O No! Is a piece that’s built around moments of connection. And this intimacy and hold make it that rare thing: a performance that can appeal to anyone, of any age. Wood wants to tour it to community centres and village halls. He rues that “Sometimes programmers say that we have to warn people there’s audience participation and I’ll always say ‘Please don’t!’ In my first show Beating McEnroe quite a few times I had people come up afterwards and say ‘If you’d told me I was going to be on stage I would have punched you, but actually I loved playing with you.'”

Photos by Alex Brenner
To keep Wood’s nose intact through the Fringe, he’s introduced a pre-show game “that teaches the audience that you’re not going to be left alone here.
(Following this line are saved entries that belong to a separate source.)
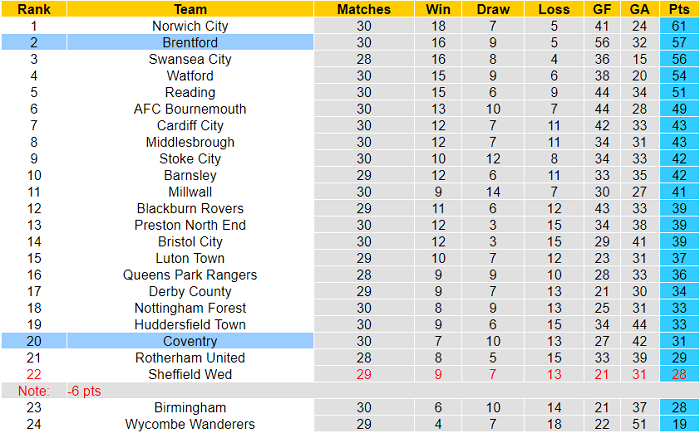 Brentford vì thế cần thắng trở lại để giữ vững vị trí thứ 2 sau vòng 31. Coventry hứa hẹn trở thành đối thủ thích hợp để Brentford chấm dứt cuộc ‘khủng hoảng mini’ này.
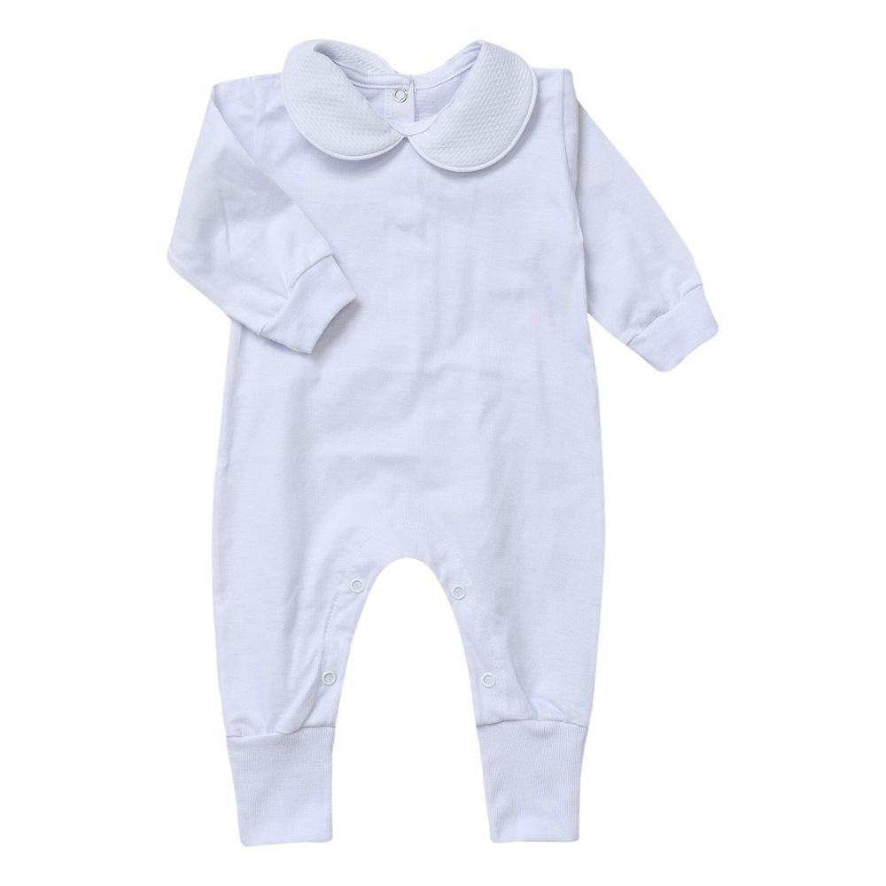 Macacão 100% algodão, malha penteada Fio 30/1, com golinha em matelassado, da Coleção Blanche Matelassado. Clássico e confortável para o seu bebê.
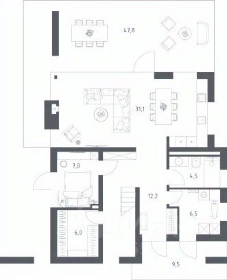 Уютные балконы обеспечат дополнительное пространство для отдыха на природе. Наслаждайтесь простором и светом, благодаря высоким окнам и панорамным видам.
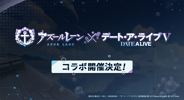 『アズレンEXPO -アズールレーン 8th Anniversary-』内ステージとして2025年9月6日(土)に実施された生放送番組「アズレン公式生放送DAY1 〜祝8周年!新情報解禁SP〜」にて、『アズールレーン』とTVアニメ『デート・ア・ライブV』とのコラボを開催することを発表した。コラボ詳細は今後、アズールレーン公式X(@azurlane_staff)やゲーム内のお知らせなどで公開とのこと。続報にご期待ください!
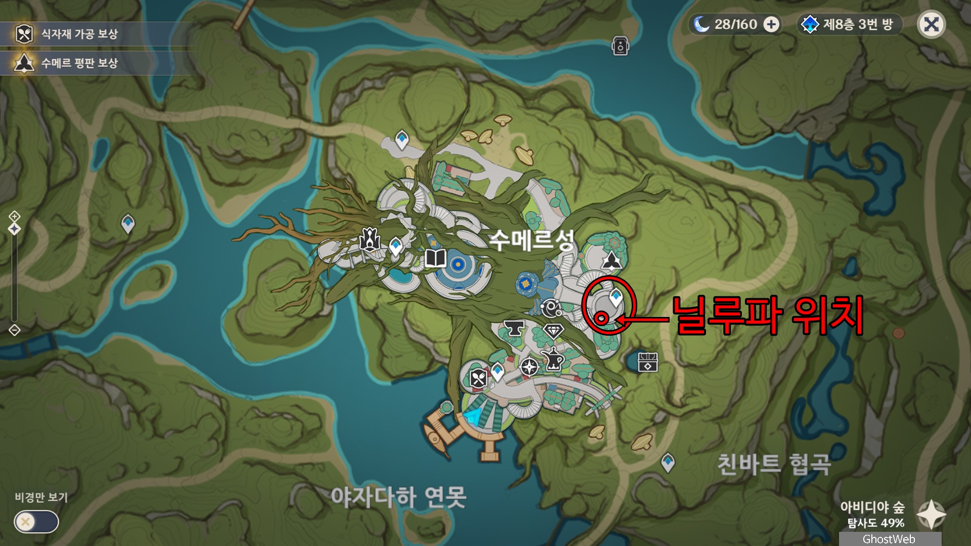 | [원신] 수메르 - 보물상자 위치 정리 (풀 원소 기믹, 낡은 하프, 풀의 인장 공양 보상, 바나라나의 꿈 나무) (0) | 2022.09.14 |

We’re all human beings and we’re all part of the same group.” The moment someone steps on stage, the atmosphere shifts: there’s a sense of potential, of unpredictability. Children clamour to go on stage, to step into the out-of-reach fantasy world ahead of them, but adults are frightened – primed, maybe, by stand-up comedians ready to use them as the butt of a joke.
Wood tells me that “in terms of inviting people onto the stage, the piece is purposely saying it’s up to you if you want to come up. I think that’s a really interesting transaction because it means that everyone immediately has it planted in their head the question of do they want to come up?” This question is a way of appreciating the emotion core of his performance: the recognition that “we are all alive, we’re all in this room, and these things will never happen again in this form so it all feels quite essential that we appreciate this liveness of bodies and sharing.”
Even in week one of the Fringe audiences can feel more dead than alive, worn out from the endless emotional labour of giving and/or receiving flyers, or the sheer scope of the festival’s endless assault of creativity. Wood says that “it’s overwhelming when you look at the huge cake that Edinburgh in August is: this is the music, this is the art, this is the dance. And we’re these hungry human beings who want our palettes satisfied. So I really hope that this show will be almost like an antidote, because I think the Fringe can be very chaotic and cutthroat and egotistical.” Peace, love, and avant garde: it’s a clown doctor’s cure for a festival that sorely needs it.
O No! is on at Assembly Roxy at 7pm until 31st August 2015.